- _ACTIVITY_: Look through the entries below for the line with "Genießen Sie den" and the line with "上海花千坊爱上海10支多头粉", then give again exactly those two lines and all lines between them, minus the pictures.

########

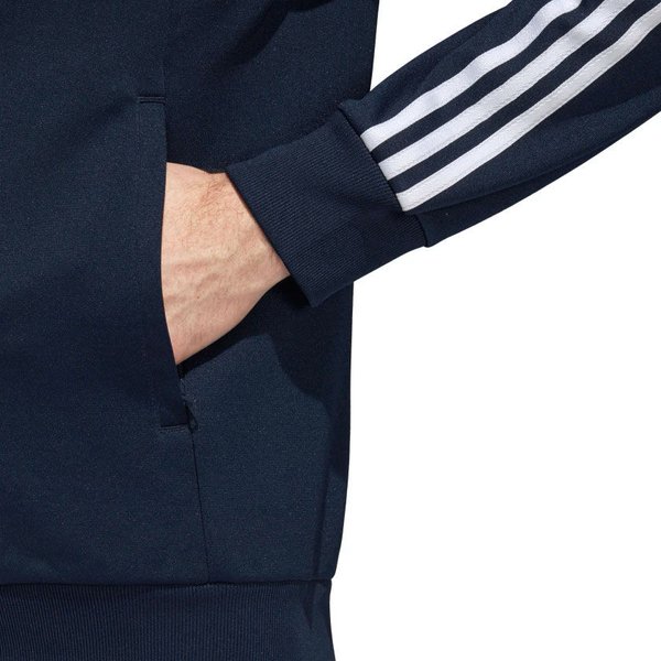 Bluza męska SST marki Adidas Originals, wykonana została w stylu retro. Posiada kontrastową lamówkę oraz trzy paski które wyróżniają markę spośród innych. Całość uzupełniona jest logiem Trefoil wyszytym na klatce piersiowej. Wyposażona jest w dwie boczne kieszenie na suwaki w których Twoje rzeczy będą bezpieczne. Bluza posiada standardowy krój dzięki czemu dopasuje się do każdej sylwetki.
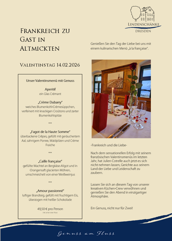 Genießen Sie den Tag der Liebe bei uns mit einem kulinarischen Menü "á la francaise".
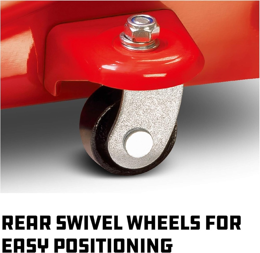 This jack is a game-changer for any garage! The 2-ton capacity handles heavy loads with ease, and the 13-inch lift gives great clearance. The swivel casters make moving it a breeze, even in tight spaces. Lightweight but super sturdy, it’s perfect for quick lifts or serious work. The safety valve adds peace of mind—no regrets buying this!
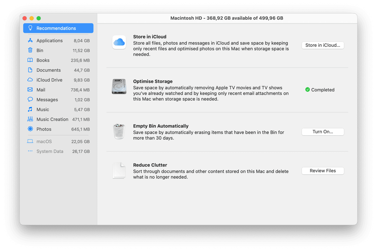 轉到 Apple 菜單並選擇“關於本機”>“更多信息”。選擇存儲設置。在出現的窗口中,您可以看到一些有用的建議。 “存儲在 iCloud 中”可讓您將所有數據傳輸到雲存儲並回收 Mac 上的一些 GB。第二個選項允許您刪除最重的文件,例如電影和應用程序。
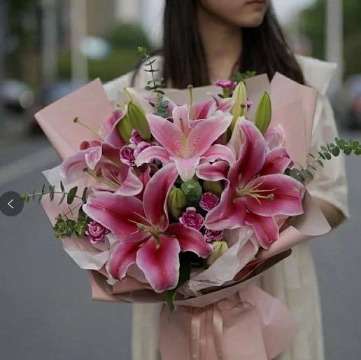 上海花千坊爱上海10支多头粉百合花束,如图包装大气好看,有卡片,做好马上送。 |
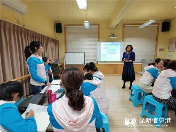昆明信息港讯 记者黄彩英 通讯员黄雯 10月18日,盘龙区新迎第三幼儿园(“新迎三幼”)邀请区进修学校培训部老师何蕙霞入园,开展“共研讨、共学习、共进步共成长”主题教研培训活动。
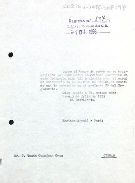Enric Aguadé informa Tomàs Guinjoan Grau que en les últimes eleccions generals ha estat reelegit per ocupar el càrrec de secretari de la Secció de Música.
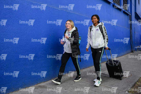 Ciudad de México, 25 de enero de 2026. Karina Rodríguez y Conni Herrera, durante el partido correspondiente a la jornada 5 del torneo Clausura 2026 de la Liga BBVA MX Femenil, entre las Águilas del América y las Cañoneras del Mazatlán FC, realizado en el estadio Ciudad de los Deportes. Foto: Imago7/ Manlio Contreras
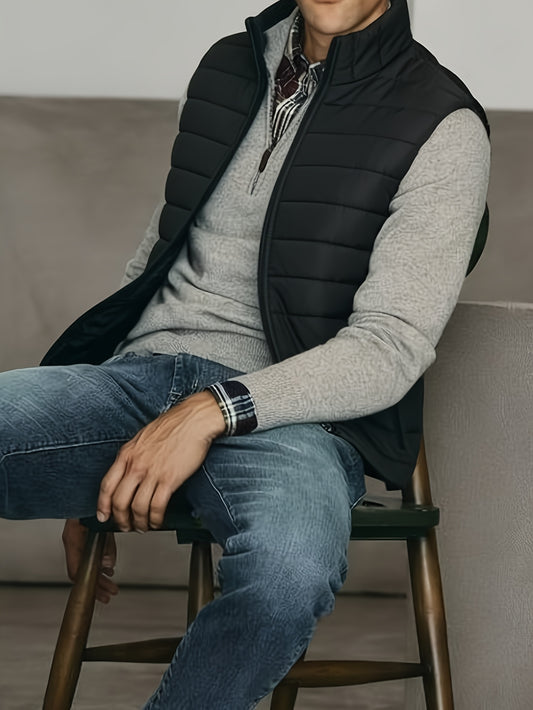 Men's Fashion Vest, Spring/Autumn Outerwear, Trendy Padded Jacket, Suitable for Daily and Outdoor Wear
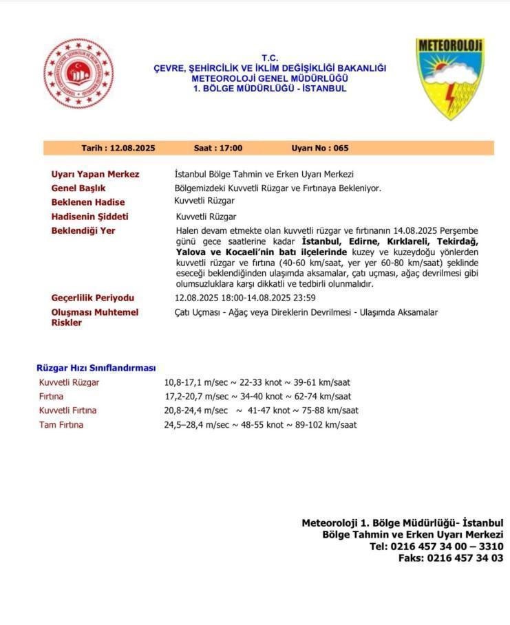 Meteoroloji Genel Müdürlüğü, İstanbul ve çevre iller için kuvvetli rüzgâr ve fırtına uyarısında bulundu. Konuyla ilgili İstanbul Valiliğinden yapılan açıklamada, "Bölgemizde kuvvetli rüzgâr ve fırtına bekleniyor. Meteoroloji Genel Müdürlüğü’ne göre; halen devam etmekte olan kuvvetli rüzgâr ve fırtınanın 14.08.2025 Perşembe günü gece saatlerine kadar İstanbul, Edirne, Kırklareli, Tekirdağ, Yalova ve Kocaeli’nin batı ilçelerinde kuzey ve kuzeydoğu yönlerden kuvvetli rüzgâr ve fırtına (40-60 km/saat, yer yer 60-80 km/saat) şeklinde eseceği bekleniyor. Ulaşımda aksamalar, çatı uçması ve ağaç devrilmesi gibi olumsuzluklara karşı dikkatli ve tedbirli olunmalıdır" ifadeleri yer aldı.

########

- _TASK RESPONSE_:
 Genießen Sie den Tag der Liebe bei uns mit einem kulinarischen Menü "á la francaise".
 This jack is a game-changer for any garage! The 2-ton capacity handles heavy loads with ease, and the 13-inch lift gives great clearance. The swivel casters make moving it a breeze, even in tight spaces. Lightweight but super sturdy, it’s perfect for quick lifts or serious work. The safety valve adds peace of mind—no regrets buying this!
 轉到 Apple 菜單並選擇“關於本機”>“更多信息”。選擇存儲設置。在出現的窗口中,您可以看到一些有用的建議。 “存儲在 iCloud 中”可讓您將所有數據傳輸到雲存儲並回收 Mac 上的一些 GB。第二個選項允許您刪除最重的文件,例如電影和應用程序。
 上海花千坊爱上海10支多头粉百合花束,如图包装大气好看,有卡片,做好马上送。 |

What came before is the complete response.